Digital content has gained wide acceptance in the public. Such content includes, but is not limited to: movies, videos, music, and the like. Consequently, many consumers and businesses employ various digital media devices or systems that enable the reception of such digital multimedia content via several different communication channels (e.g., a wireless link, such as a satellite link, or a wired link, such as a cable connection). Similarly, the communication channel may also be a telephony based connection, such as DSL and the like. Regardless of the type of channel, the digital content and/or the distribution of the digital content is typically secured using a conditional access (CA) mechanism and a digital rights management (DRM) mechanism (e.g., encryption/decryption using keys).
Presently, specifications are being developed with respect to expanding the ways that content and services can be distributed over wireless communication networks. One such set of standards is being developed by the Open Mobile Alliance (OMA). In the OMA DRM system, for example, digital content (e.g., a movie or song) is associated with a rights object (RO). The RO provides granting rights to a Client Device for viewing or otherwise consuming the digital content. The entity in the Client Device that manages permissions and corresponding constraints relative to use of the digital content is commonly denoted as a DRM Agent. Nominally, a DRM Agent obtains an RO from a rights issuer (RI). DRM Agents conformant to the new OMA Secure Content Exchange (SCE) specifications (as well as to the legacy OMA DRM v2.x (i.e. OMA DRM v2.0 or OMA DRM v2.1) system) are intended to have the opportunity to participate in rights transfers with other such DRM Agents. In the legacy OMA DRM v2.x system, a domain is associated with and managed by a single RI, which implies that each DRM Agent needs to register with each RI for which it wants to make successful use of Domain ROs generated by that RI.

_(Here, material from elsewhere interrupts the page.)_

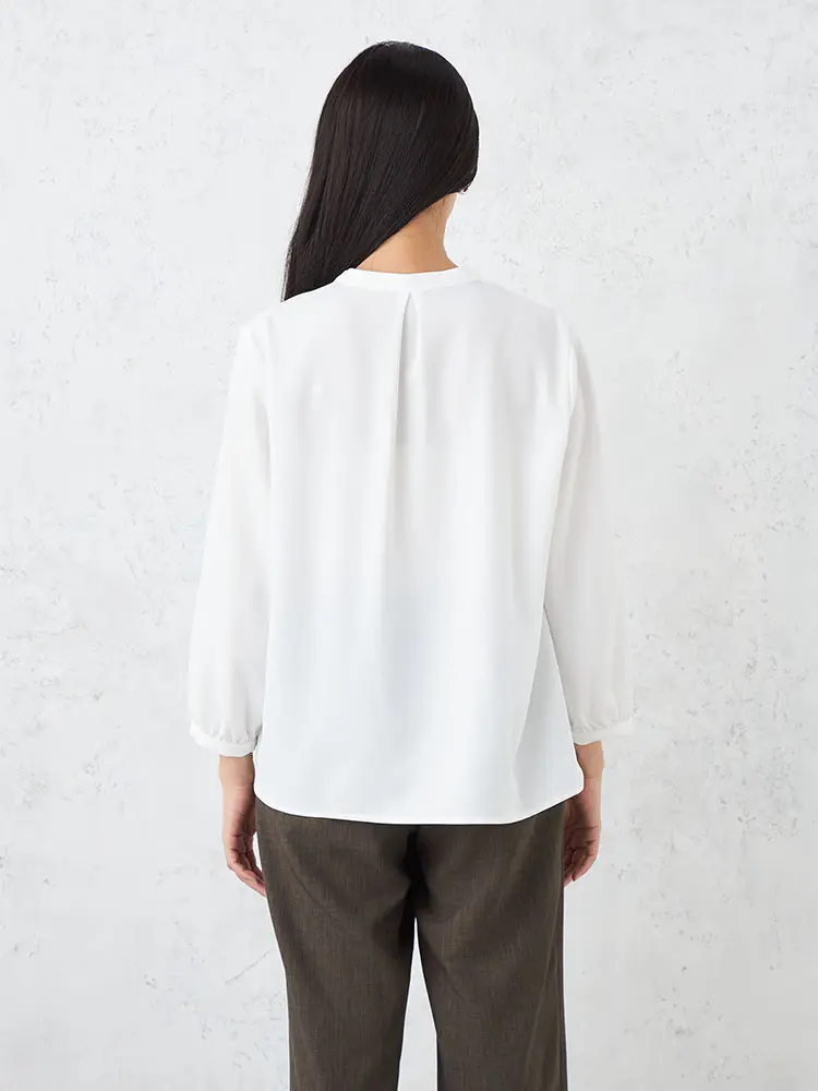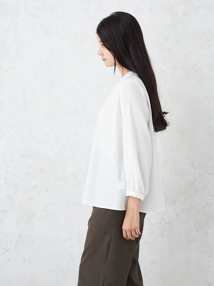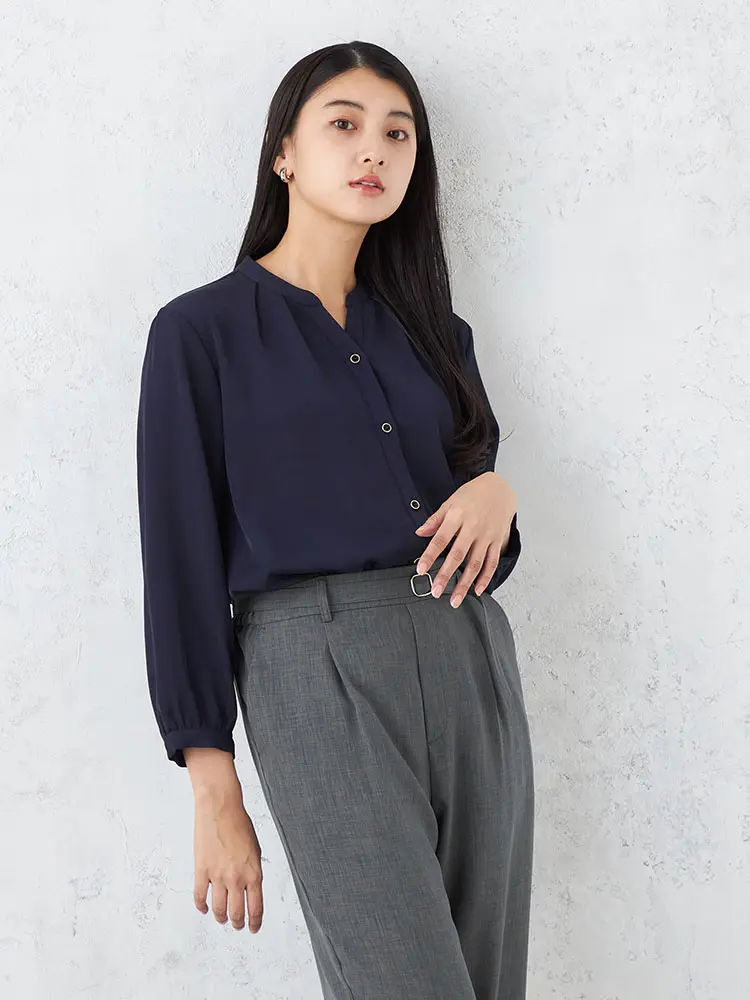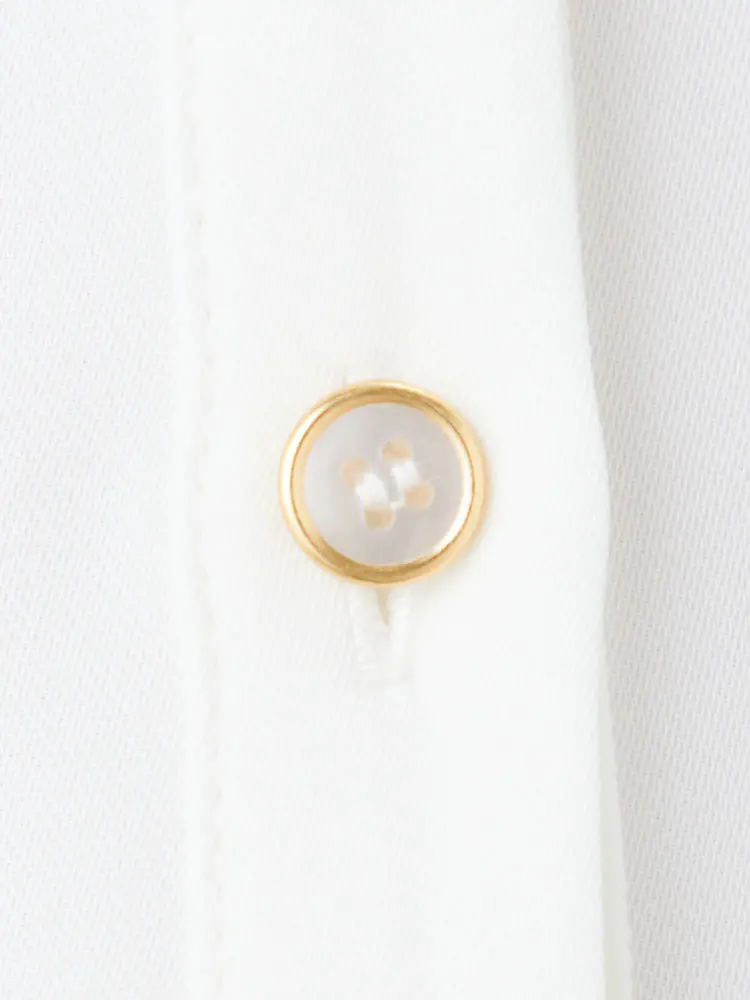 襟元のタックによる立体感と、程よい存在感のビジューボタンが上品なアクセント。

The conventional DRM rules regarding move RO transactions have several drawbacks. In particular, a special-purpose protocol is often implemented and runs that layer's security on top of an agent to agent (A2A) move RO transaction. In this case, the recipient device often cannot make a priori arrangements with the LRM, since consumption of ROs designated as requiring authorization require such authorization for each RO. Thus, this type of move RO transaction is no longer truly an A2A transaction. Additionally, although an outbound move (without local consumption) of the RO by a device that did not receive authorization from the LRM for that RO is allowed, once the device requests such authorization, the RO cannot be moved (or consumed) unless the device receives a corresponding authorization response from the LRM that indicates success. Further, the protocol is not equipped to handle a move of partial rights whereby the source device of the A2A move retains a partial state of an RO that could result in a subsequent move corresponding to the same RO. In addition, the protocol is inconsistent with moves of the RO via an RI without incurring substantial additional complexity within both the authorization protocol and the move via RI protocol to enable direct or indirect authenticated communications between LRMs and RIs. This would need to be done without sacrificing with the backwards compatible feature whereby an RI can deliver ROs to a legacy (i.e. OMA DRM v2.0/v2.1-only) device based on a prior successful move via RI request (that designates the intended recipient device) to that RI by an SCE-conformant source device.
Change request 429 to OMA DRM v2.0/v2.1 provided a procedure for a device that receives an RO within an RO acquisition protocol (ROAP) response directly from an RI to ascertain current revocation information concerning that particular RI in order to determine the fitness of that RI to provide ROs. This is done by means of online certificate status protocol (OCSP) messaging. In the change request, the only entities that generate ROs are RIs, which can be restricted to operating within a back-end service provider environment with its attendant physical security, personnel security, and audit controls. The introduction of the LRM into the SCE enabler implies that this nominally home-based entity needs to be truly revocable in a way that goes beyond just an initial device (that receives the RO directly from the LRM) making use of revocation information. This is true because besides the addition of this home-based entity type there is also the addition of further procedures to reuse ROs across multiple Devices.
In OMA DRM v2.0/v2.1, the only specified reuse of ROs across multiple devices pertains to domains of devices. A trust authority should allow the use of such domains only if the necessary contractual arrangements are in place, since RIs self-manage their domains. An LRM self-manages OMA DRM v2.x domains and/or directly generates OMA DRM v2.x domain ROs and/or Device ROs that are usable by compliant v2.x Devices only if it has been entrusted with a private key corresponding to a certificate with a rightsIssuer key purpose that makes it appear indistinguishable from an RI to v2.x Devices. All OMA SCE-conformant Devices (unlike OMA DRM v2.0/v2.1-only Devices) are required to support DRM time, which is advantageous in determining the current validity of certificate revocation lists (CRLs) and/or OCSP responses. Thus, these digitally signed objects can be “virally” spread and independently verified without relying on trust in the immediate source or the use of nonces to determine freshness. The “viral” aspect is important in that there is not a reliance on every device being compliant and thus providing the latest revocation information it has to other devices.